Diese Modellvorstellung dessen, was tatsächlich passierte, erlaubt einen Blick auf empirisch sichtbare Aspekte. Denn die soziale Strukturierung von Menschen in Gruppen, die akzeptieren, Teile in einem übergeordneten und prinzipiell ergebnisoffenen größeren Ganzen zu sein, prägte Europa von 330 bis 1968: Es bot die Grundlage für Territorialstaaten, die im Wettbewerb die Grenzen des Wissens ausloteten und so die moderne Wissenschaft schufen. Es ermöglichte, dass europäische Stadtbürger sich in Sestieri oder Zünften zusammenschlossen und so Autonomie und Stadtfreiheit erkämpften. Und als die Industrialisierung Gesellschaften bildete, die für zentrale hierarchische Beherrschung zu komplex wurden, ermöglichte es, die Bevölkerungen der neuen Industriegesellschaften durch Parteibindungen in politische Entscheidungen einzubeziehen.

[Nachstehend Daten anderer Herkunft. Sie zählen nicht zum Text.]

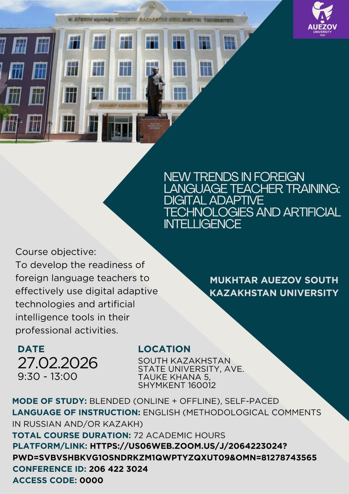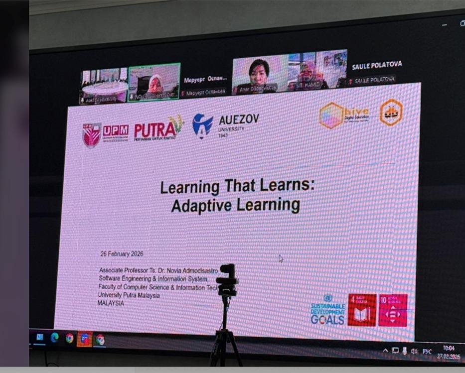 27 февраля 2026 года в рамках реализации научного проекта AP26101671 «Разработка методики формирования профессиональной компетентности будущего учителя иностранного языка в ракурсе цифрового адаптивного обучения» исполнители проекта и профессорско-преподавательский состав кафедры «Иностранный язык для технических специальностей» Южно-Казахстанского университета имени М. Ауэзова провели международный семинар на тему «New Trends in FLT Training: Digital Adaptive Technologies and AI». Данный семинар был посвящён вопросам внедрения и научного обоснования цифровых адаптивных технологий и инструментов искусственного интеллекта в систему подготовки и повышения квалификации учителей школ и вузов, а также магистрантов и докторантов по образовательной программе «Иностранный язык». В работе семинара приняли активное участие малайзийские коллеги из Universiti Putra Malaysia и Universiti Malaysia Pahang Al-Sultan Abdullah, а также представители ведущих высших учебных заведений Казахстана. В частности, в мероприятии участвовали учёные и преподаватели Казахского агротехнического исследовательского университета имени С. Сейфуллина, Жетысуского университета имени И. Жансүгірова, Южно-Казахстанского педагогического университета имени Өзбекали Жәнібекова и других образовательных и научных организаций. Подобное международное и республиканское научное сотрудничество способствует укреплению академических связей в сфере образования, обмену передовым опытом и совершенствованию системы подготовки педагогических кадров.

Das Jahr 1918 – als erstmals die hierarchischen Entscheider in großem Maße abdankten – hatte zunächst Ansätze der Basisdemokratie versucht. Aber die Basisdemokratie war nicht stabil, weil jeder nur ein Leben hat und der Tag nur 24 Stunden. Da ist es sinnvoll, politische Entscheidungen an Menschen abzugeben, denen man vertraut. In der Industriegesellschaft funktionierte es, dieses Vertrauen in einem Paket abzugeben und sich mit der Stimmabgabe genau einer Gruppe zuzuordnen, weil moderne Offenheit und Deliberation erst einmal nur ganz oben in der Gesellschaft einzogen, während die Individuen in ihrem täglichen Leben noch ganz in traditionelle und autoritär-hierarchische Verhältnisse und damit eben in Gruppen eingebunden waren. Und der Erfolg der Industriegesellschaft exportierte gruppenbasierte Institutionen in die ganze Welt, bis hoch zu den Vereinten Nationen, die ja auch eine Ansammlung konstruierter Gruppen sind.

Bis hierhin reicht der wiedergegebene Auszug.